1. From vibes to numbers

The junior level established the mindset: hold a probability, not a yes/no. The middle level adds the mechanics — specifically, the one tool every engineer should be able to run on a napkin: Bayes' theorem.

You need three ingredients to reason quantitatively about an uncertain claim:

Ingredient Question it answers Name
Prior Before any evidence, how likely is this? P(H)
Likelihood If it's true, how likely is this evidence? And if it's false? P(E\|H), P(E\|¬H)
Posterior After the evidence, how likely is it now? P(H\|E)

The arithmetic that connects them is Bayes' theorem.


2. Bayes' theorem, stated for engineers

The formula:

                P(E | H) · P(H)
P(H | E)  =  ─────────────────────────────────────
             P(E | H)·P(H)  +  P(E | ¬H)·P(¬H)

In plain words:

Posterior = (how well the hypothesis predicts the evidence) × (prior) ÷ (how likely the evidence was overall, true or not).

The denominator is just "the total probability of seeing this evidence at all" — summed over the hypothesis being true and being false. It's what normalizes the result back into a real 0–1 probability.

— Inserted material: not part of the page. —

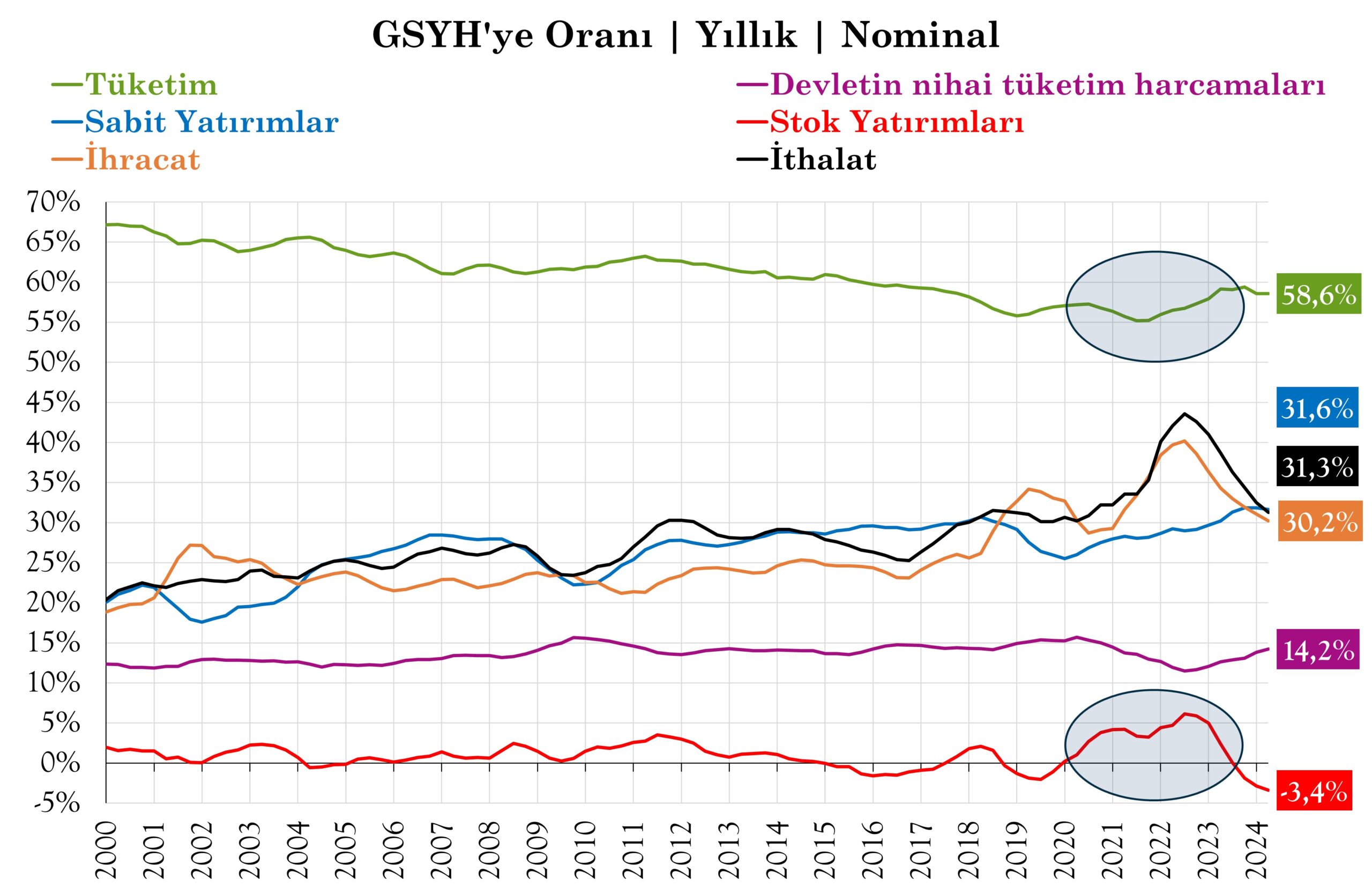 Aşağıdaki grafikte ise Sabit ve Stok Yatırımlarının GSYH’ye oranı gösterilmiştir. 2020 yılı ilk çeyreğinden sonra Stok Yatırımları başlamış ve 2023 yılı ilk çeyreğine kadar devam etmiş ve 2023 yılı ikinci çeyreği ve sonrasında geçmişte yapılan Stok Yatırımları piyasaya arz edilmeye başlanmıştır. 2024 yılı ikinci çeyrek üretiminin %5,7’si kadar mal geçmiş Stok Yatırımlarından piyasaya arz edilmiştir.

You rarely need the formula in its raw form. The odds form is far easier to do in your head:

posterior odds  =  prior odds  ×  likelihood ratio

                              P(E | H)
where  likelihood ratio  =  ────────────
                              P(E | ¬H)

A likelihood ratio of 10 means "this evidence is 10× more likely when the hypothesis is true than when it's false" — multiply your odds by 10. A ratio of 1 means the evidence is useless. This odds form is the trick that makes Bayesian updating practical at a whiteboard.


3. The monitoring-alert worked example (do this one by hand)

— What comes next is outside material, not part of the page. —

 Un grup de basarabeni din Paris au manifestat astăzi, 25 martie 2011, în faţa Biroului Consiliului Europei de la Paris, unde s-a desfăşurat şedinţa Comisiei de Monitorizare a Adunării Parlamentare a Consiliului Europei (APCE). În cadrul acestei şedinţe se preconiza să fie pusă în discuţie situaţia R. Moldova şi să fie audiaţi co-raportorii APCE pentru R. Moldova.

This is the single most important calculation in this topic. A monitoring alert fires. What's the probability there's actually an incident?

Setup — numbers from your own observability data:

  • Base rate: In any given minute, the chance there's a real incident is small. Say 0.1% (P(incident) = 0.001). Incidents are rare; that's the point of running a healthy service.
  • Detection (true positive rate / recall): When there is a real incident, the alert fires 99% of the time. P(alert | incident) = 0.99.
  • False positive rate: When there is no incident, the alert still fires 5% of the time (noisy threshold, deploy blips, GC pauses). P(alert | no incident) = 0.05.

The alert just fired. Engineers' gut answer: "It's 99% accurate, so ~99% chance it's real." That gut answer is wrong, and the gap between it and the truth is the whole lesson.

Run Bayes with natural frequencies — imagine 100,000 minutes:

Real incidents:        0.001 × 100,000          =     100 minutes
  → alerts fired:      0.99  × 100              =      99   (true positives)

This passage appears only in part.